• [MATERIAL PROVIDED]

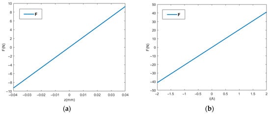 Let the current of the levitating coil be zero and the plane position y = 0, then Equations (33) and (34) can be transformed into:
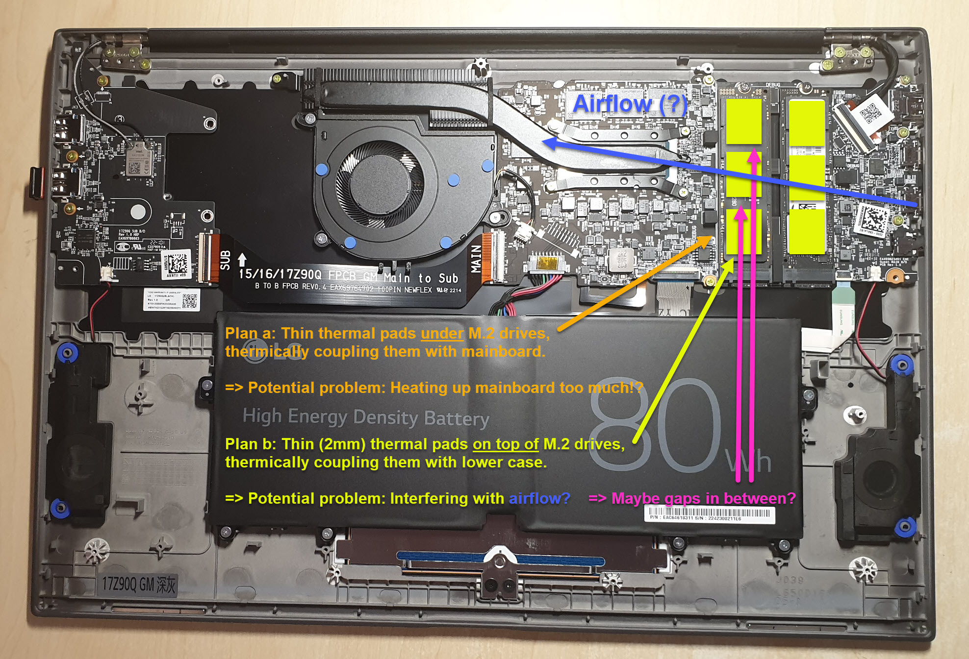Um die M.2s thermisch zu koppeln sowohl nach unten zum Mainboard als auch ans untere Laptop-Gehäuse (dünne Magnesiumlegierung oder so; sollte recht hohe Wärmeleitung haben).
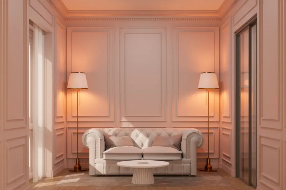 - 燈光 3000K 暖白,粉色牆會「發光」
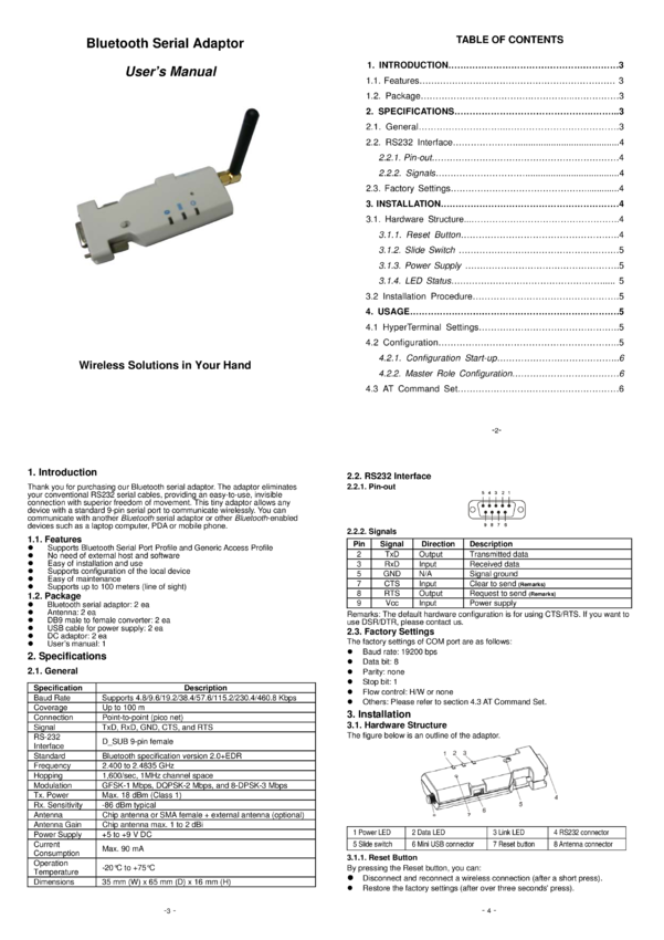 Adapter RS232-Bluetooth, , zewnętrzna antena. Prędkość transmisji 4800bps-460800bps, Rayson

• [WORK TO BE COMPLETED] Omit the pictures. Transcribe word for word the lines from the one containing "- 燈光 3000K 暖白,粉色牆會「發光」" through the end of the listing, inclusive.

• [EXERCISE ANSWER]
 - 燈光 3000K 暖白,粉色牆會「發光」
 Adapter RS232-Bluetooth, , zewnętrzna antena. Prędkość transmisji 4800bps-460800bps, Rayson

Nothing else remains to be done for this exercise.